2. The image is wordless; the UI draws the words. Image models render garbled gibberish text ("I clicket send"), so I forbid all text, letters, and speech bubbles in the panel. The model instead writes a separate, crisp comic_caption, which the game renders as real UI text in a banner above the picture. Best of both worlds: a clean illustration plus perfectly legible narration.

Under the hood it's FLUX.2 [klein] 4B (the fast 4-step distilled model) on a second Modal GPU (A10G), rendering a panel in ~5 seconds warm. And it's purely decorative: if the image model is cold, slow, or fails, the game shows no overlay and the dialogue just opens — the outcome is never blocked waiting on art.


Lessons from the Trail (What Actually Broke)

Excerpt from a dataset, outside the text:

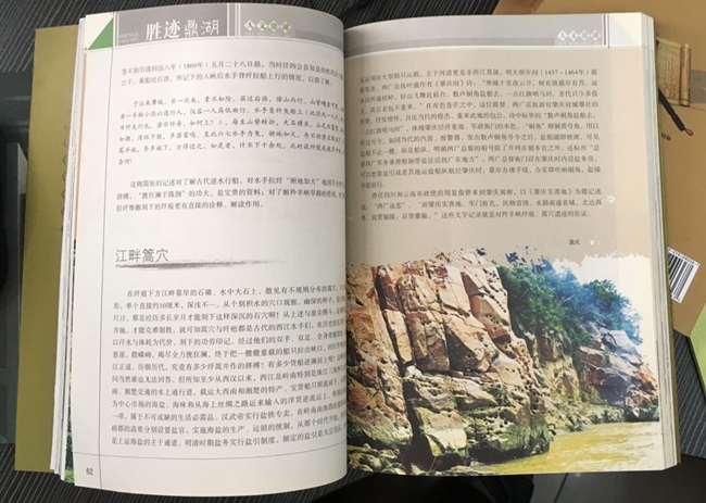 肇慶市文物普查隊在羚羊峽峽谷北岸的崖壁上發現纖痕,這個過程也收錄在了《人文鼎湖》一書中。劉麗芳把這本書送給我們時,還告訴我們,“肇慶市文物普查隊還發現,在纖痕下方江畔靠岸的石磡,以及水中的大石上,散見有很多不規則分布的篙穴。這些篙穴穴口呈圓形,單個直徑約10 厘米,深淺不一。從個別積水的穴口觀察,深度估計超過一尺。”劉麗芳的話讓我們再次慨嘆船工們的不易,畢竟,如何深的篙穴,那要在多長的歲月里,經過多少次拼命用力的撐頂才能形成呀!

Building an LLM-driven game sounds magical until you try to run it. Models are stubbornly helpful, JSON is fragile, and latency kills jokes. The biggest hurdles:

Latency is gameplay (and comedy)

A punchline that takes 15 seconds to render isn't a joke; it's a loading screen. That's exactly why the shipped game wires straight to a warm Modal L4 GPU rather than running inference locally on CPU — CPU turns are minute-long, which would murder the timing. Keeping the function warm drops responses to a few seconds and the conversation feels like a snappy boardroom argument. If you're building a real-time AI game, latency isn't an optimization — it's the core mechanic.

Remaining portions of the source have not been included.